The Reserve Bank of India on Tuesday released list of Domestic Systemcically Important Banks (D-SIBS) in India. State-owned SBI, along with private sector lenders ICICI Bank and HDFC Bank are declared as Domestic Systemically Important Banks (D-SIBs) or institutions which are ‘too big to fail’ as on March 31, 2020.
The Reserve Bank had announced State Bank of India and ICICI Bank Ltd. as D-SIBs on August 31, 2015 and August 25, 2016, respectively. The State Bank of India, ICICI Bank Ltd. and HDFC Bank Ltd. were announced as D-SIBs on September 04, 2017 and March 14, 2019 respectively. Current update is based on the data collected from banks as on March 31, 2020.
The D-SIB framework requires the Reserve Bank to disclose the names of banks designated as D-SIBs starting from 2015 based on the data collected from the banks and place them in appropriate buckets of Systemic Importance Scores (viz.1%,0.80%,0.60%,0.40%,0.20%) based on the methodology provided in D-SIB framework .

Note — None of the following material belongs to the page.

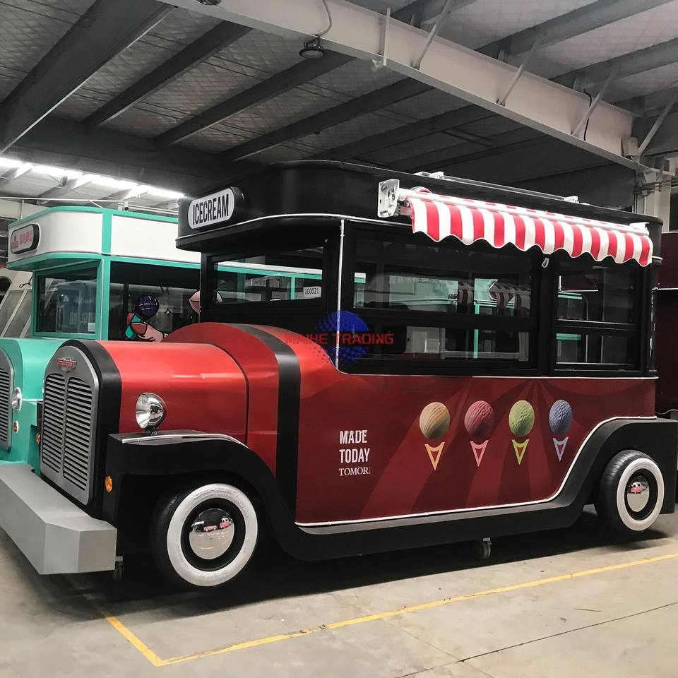 Petite remorque alimentaire noire, chariot à snacks, mini camion pour glaces, pizzas, café

Based on the bucket in which a D-SIB is placed, an additional common equity requirement has to be applied to it. The additional CET1 requirement as a percentage of Risk-Weighted Assets (RWAs) in the case of the State Bank of India (SBI) is 0.60%, while for the ICICI and HDFC banks it is 0.20%.In case a foreign bank having branch presence in India is a Global Systemically Important Bank (G-SIB), it has to maintain additional CET1 capital surcharge in India as applicable to it as a G-SIB, proportionate to its Risk-Weighted Assets (RWAs) in India, i.e., additional CET1 buffer prescribed by the home regulator (amount) multiplied by India RWA as per consolidated global Group books divided by total consolidated global Group RWA.